How does Rafay align with ENS and EU sovereignty frameworks?

Rafay supports the security measures defined by ENS (Esquema Nacional de Seguridad) Nivel Alto across confidentiality, integrity, availability, and traceability. This includes encryption at rest and in transit, immutable audit logs, high-availability and disaster recovery capabilities, and complete audit trails for tenant and administrative activity. Rafay holds SOC 2 certification and provides a structured EU Cloud Sovereignty self-assessment mapped to the European Commission framework. EU and Spanish regulatory certifications are pursued in collaboration with EU-based systems integrator partners who provide the regional delivery and support infrastructure needed to satisfy in-country requirements.

How quickly can a neocloud go from raw GPUs to billable services with Rafay?

A neocloud can typically reach its first billable AI services in approximately six to eight weeks using the Rafay Platform, compared to the many months a from-scratch platform build would require. Rafay provides the multi-tenant operating layer, self-service portal, SKU design tools, metering engine, and billing integration that neoclouds would otherwise need to build themselves. Once the platform is running, operators can expand their service catalog — adding new GPU SKUs, inference endpoints, or AI service tiers — without re-platforming. The accelerated timeline means neoclouds can begin generating token-metered revenue while their infrastructure is still scaling, rather than waiting for a complete build-out.

What is the Build-Validate-Operate-Transfer (BVOT) methodology?

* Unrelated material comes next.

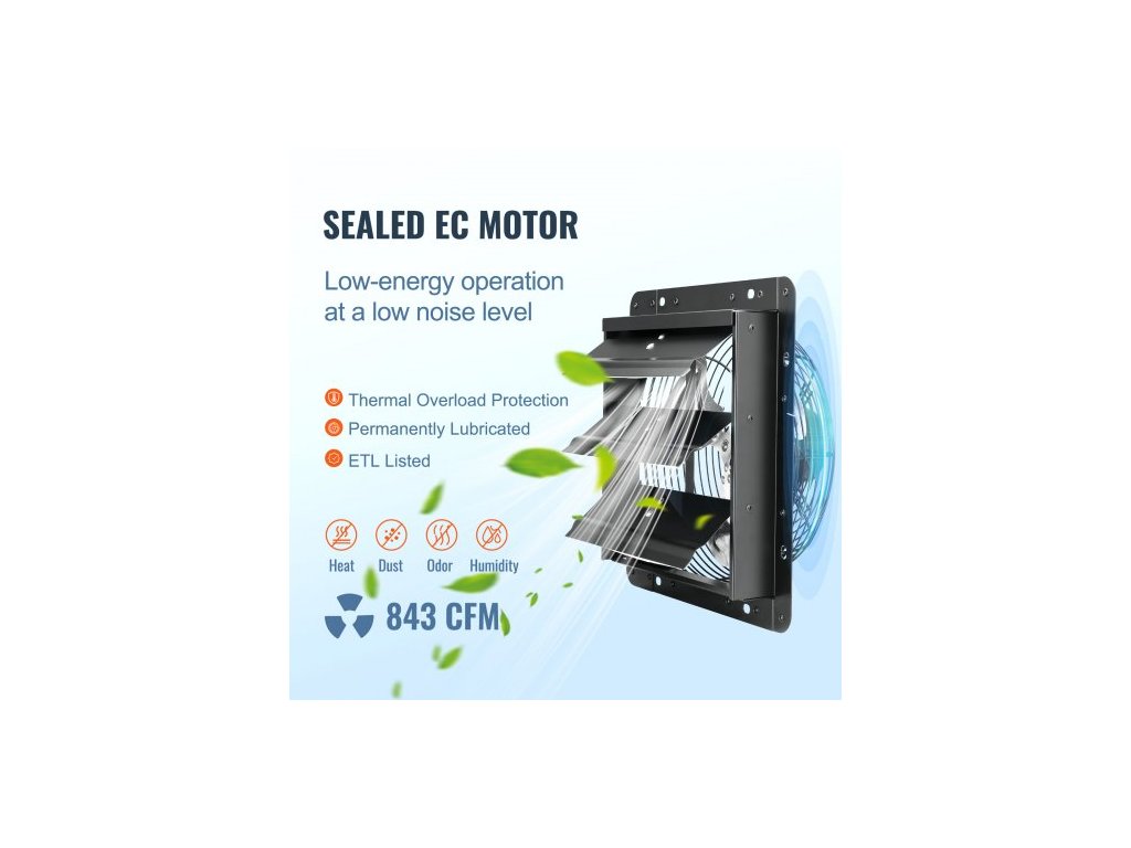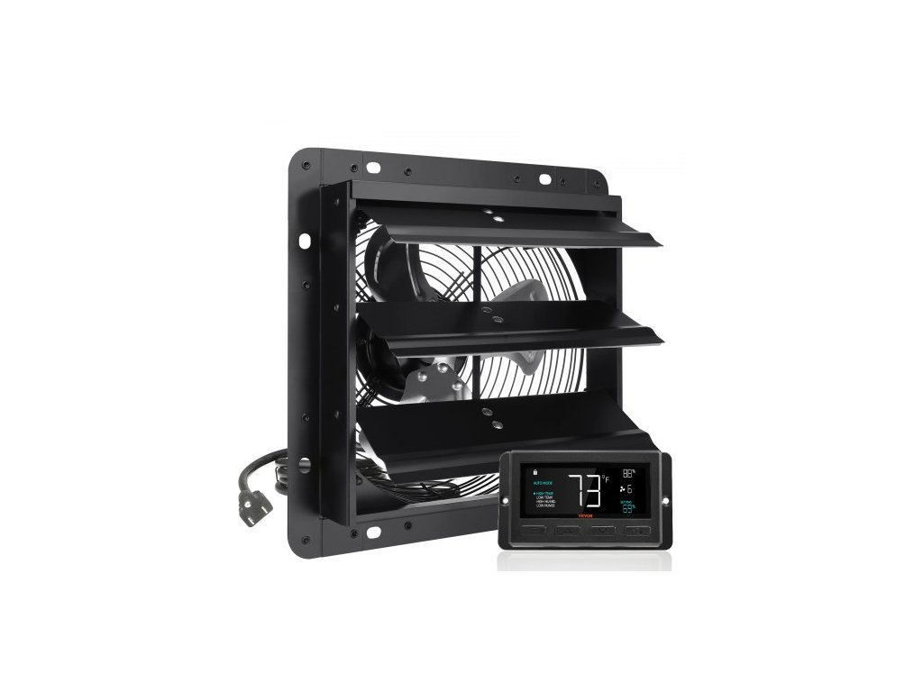 Ventilátor s klapkami, 254 mm s regulátorem teploty a vlhkosti, EC motor, 843 CFM, nástěnný ventilátor s proměnnou rychlostí a montáží do podkroví, větrání a chlazení pro skleníky, garáže, přístřeškyUžijte si čerstvý vzduch

Build-Validate-Operate-Transfer is Rafay's structured methodology for deploying and handing over a production AI cloud to an operator's team. The Build phase installs and integrates the full software stack and delivers runbooks and as-built diagrams. Validate confirms functional and failure-scenario behavior, including a complete shutdown and startup cycle, before any production traffic runs. During Operate, Rafay runs the platform under agreed service levels while the operator's team shadows and learns every Level 1, 2, and 3 procedure — covering tenant onboarding, node lifecycle, upgrades, and incident response. Transfer formally hands over all operational artifacts, trains the team, and requires demonstrated independent operation before acceptance is signed off. The methodology is designed so that sovereign and enterprise operators can self-sustain the platform without ongoing Rafay involvement.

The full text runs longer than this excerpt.